一軒のみすぼらしい家のところにきて、そこにかがみこんで生きた心地もしないでいると、翁は豊雄に向かって、「つらつらおぬしの顔を見ると、この悪神のために悩まされておるようじゃが、わしが救わなかったら、ついには命を失ったことだろう。今後よく慎みなさい」と言った。豊雄は地に額をついて、このことの始めから語り出し、命を助けてほしいと、恐れ敬いながら懇願した。翁は、「そうであったか、この悪神は年をとった蛇じゃ。その性は淫乱で、牛とつるんでは麟を生み、馬と交わっては竜馬を生むという。これがそなたを惑わせたのは、そなたの美貌に目がくらんだからじゃろう。かくまで執念深い相手に対して慎まないでいると、おそらく命を失うことになろう」と言う。人々はいよいよ恐れて、翁を崇めたたえ、遠津神として拝んだ。翁はうち笑って、「わしは神ではない。大倭神社に仕える當麻の酒人というものじゃ。道案内をしてやろう。さあついてきなさい」と言って出立する。人々は翁の後について帰ってきたのだった。


(解説)
豊雄と真女児のむつまじい仲はいきなり破綻する。それは、姉夫婦と一緒に行った吉野の山中で起きた。滝の下で一同が休んでいると、一人の翁がやってきて、真女児が蛇の妖怪だと見抜く。見抜かれた真女児とまろやは、たちまち踊りあがり、滝の水に飛び込んで消えてしまう。ここでも、水が大きな役割を果たしている。

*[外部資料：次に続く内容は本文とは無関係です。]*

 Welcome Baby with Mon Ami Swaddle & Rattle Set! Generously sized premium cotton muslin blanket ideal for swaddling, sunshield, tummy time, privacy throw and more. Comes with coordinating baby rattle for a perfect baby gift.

それにしても、真女児がなぜかくも人間に忌避されるのか。この妖怪は淫乱で、牛とつるんでは麒麟を生んだり、馬と交わっては竜馬を生んだりする。こんなものを近づけていては、必ず死んでしまうに違いない、と言われているが、いままで真女児が豊雄に危害を加えたことはないし、いまでもその恐れはない。彼女はただ豊雄を愛する一念に捉われているだけなのだ。

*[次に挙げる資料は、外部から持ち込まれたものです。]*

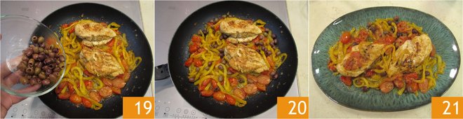 At the end of cooking, also add the olives 19, and the chicken breast with peppers and olives is ready to be served 21.

吉野への行楽に誘われたときに、真女児は当初断るのだが、それはこのことを予想していたからだろう。彼女は危険を犯してまで、夫の希望に従ったのだが、それが仇となって、夫との仲を割かれてしまったのである。しかし、話はこれで終わらない。夫との仲を引き裂かれた真女児は、次の手を繰り出して、三度夫に近づいてくることとなる。